The Kalman filter is then introduced in the linear Gaussian case and subsequently extended to nonlinear Gaussian settings, for which several variants of the Kalman filter have been proposed. In particular, the Extended Kalman Filter (EKF) and the Unscented Kalman Filter (UKF) are briefly presented and compared, with an emphasis on their underlying assumptions, approximation strategies, and respective advantages and limitations.

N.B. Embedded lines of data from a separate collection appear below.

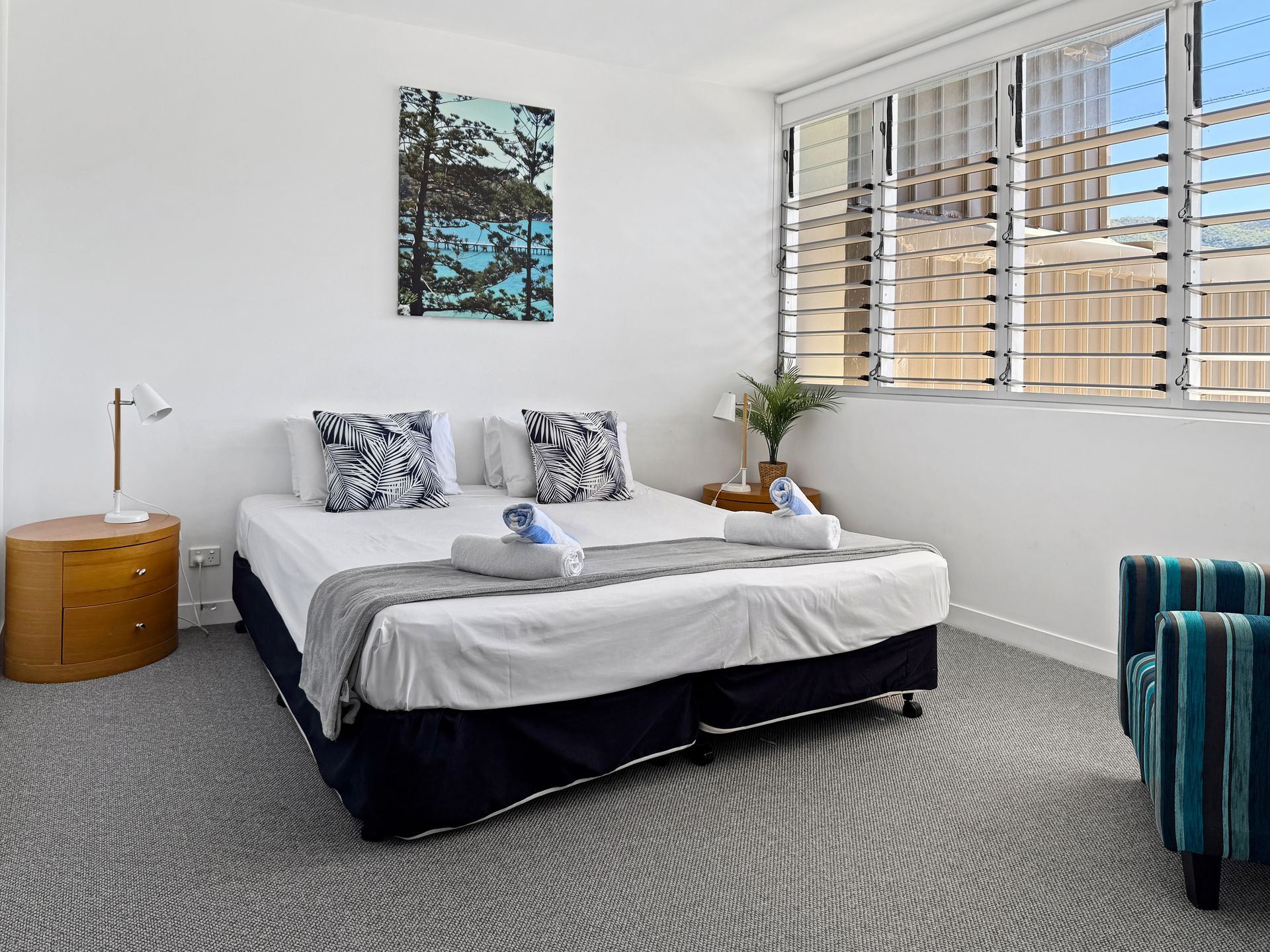 Meeah94 - 30th NovemberThis apartment truly was fantastic. Was a hot day ac was already on for my arrival which I was so greatful for. The view is the best I have seen in a long time, pools and facilities are amazing. Interior design and beautiful photos of the island on the walls. Bedding and decor colours are perfect, modern & relaxing. Bath perfectly positioned. You can hear the waves lapping on the rocks all day and night so peaceful.Four pools in the resort. The one below a never ending with rock wallabies joining in the afternoon. Kitchen well equipped, TV excellent with Netflix ready to go. 2 bathrooms, and plenty of storage space. Car parking aswell & an elevator Almost directly to the room. I highly recommend I wish could have stayed longer & next time I definitely will. We hired a car as with my luggage it's necessary lol. However it is so close to the ferry & iga you could walk no problem.We had a fantastic stay very romantic atmosphere also. Highly recommend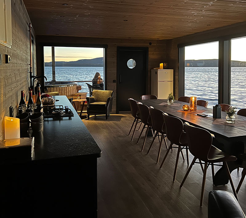 Vi är ensamma i regionen om att kunna erbjuda en konferensflotte med hotellrum, kök, lounge med TV och Wi-Fi, omklädningsrum, vedledad bastu och vildmarksbad. Koppla bort allt annat och njut!Läs mer om vår bastuflotte/konferensflotte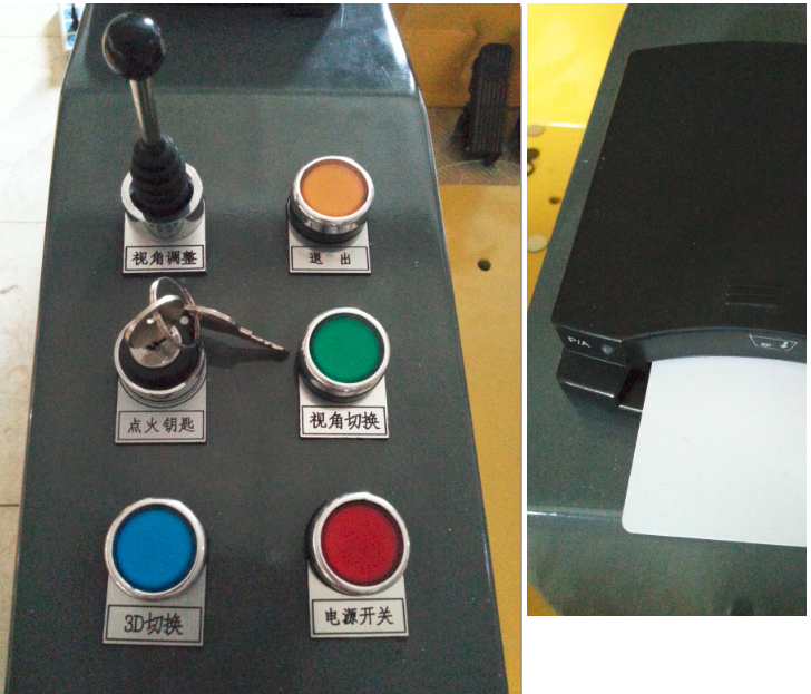 转向控制器 档位控制杆 转向控制器:其功能是当推土机拉动转向操作杆后,推土机实现改变行驶方向。 功能控制按钮:该组合控制按钮包括:反3D切换按钮、驾驶室视角及外部视角切换按钮、点火开关、一键开关机功能、退出控制按钮等,配合软件设计以此实现各种强大的操作功能。 身份信息读卡器:读取学员身份信息进入软件,并配合教师端管理系统将学员身份信息、操作信息、考核成绩等数据存储到服务器,打印机进行成绩汇总打印。 视角调整摇杆:可实现270度视角查看,真实再现工地视景,方便学员进行操作训练。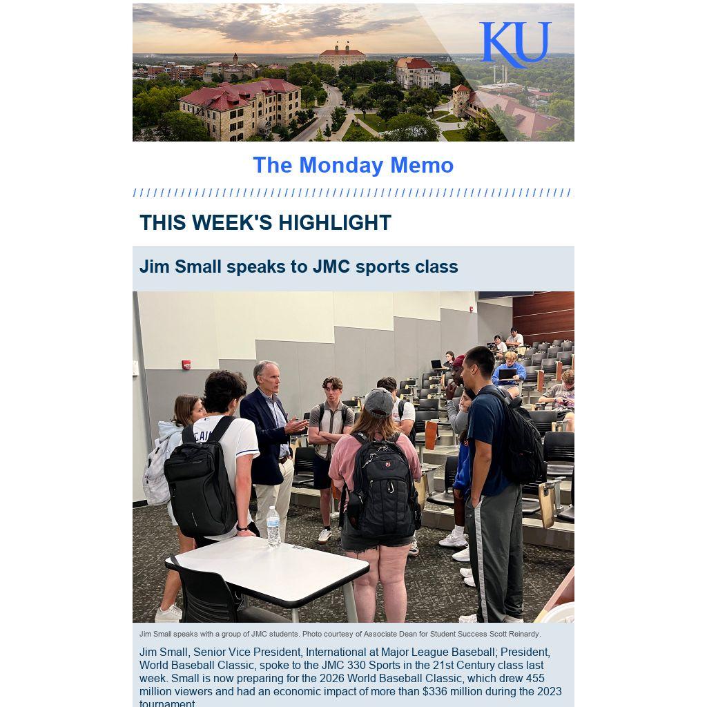 Jim Small, Senior Vice President, International at Major League Baseball; President, World Baseball Classic, spoke to the JMC 330 Sports in the 21st Century class last week. Small is now preparing for the 2026 World Baseball Classic, which drew 455 million viewers and had an economic impact of more than $336 million during the 2023 tournament.

In the final part, the course examines estimation problems in which the system dynamics evolve over time. Multiple-model approaches are introduced to account for such non-stationary behaviors, with a particular focus on the Interacting Multiple Model (IMM). Note that the IMM can also be applied in situations where certain parameters of the state-space model are unknown. Moreover, since some parameters of the IMM—namely the transition probabilities between the different
assumptions made on the system model—must be set a priori but are not necessarily known, methods to estimate them over time will also be presented. The selection of the different models will likewise be discussed. Throughout the course, the concepts and algorithms are illustrated using object tracking scenarios.
BIO
Eric Grivel received his PhD in signal processing in 2000 in Bordeaux (France). He joined Bordeaux Institute of Technology (Bordeaux INP) in 2001 as an assistant professor and then as a professor in 2011. For more than 20 years, he has been with the Signal & Image research group at IMS lab (which is a joint research unit for the French National Center for Scientific Research CNRS, University of Bordeaux and Bordeaux INP). His research activities deal with statistical signal processing with applications in speech and audio processing, mobile communication systems, radar processing, GPS navigation and biomedical. From 2010 to 2017, he was the head of the Telecommunications department at ENSEIRB-MATMECA, one of the graduate schools of engineering at Bordeaux INP. From 2014 to 2022, he was in charge of the Scientific Interest Group with Thales, University of Bordeaux, University of Poitiers, University of Limoges, Bordeaux INP, INRIA and CNRS. From 2021 to 2025, he was the Vice Dean of the international relations of Bordeaux INP.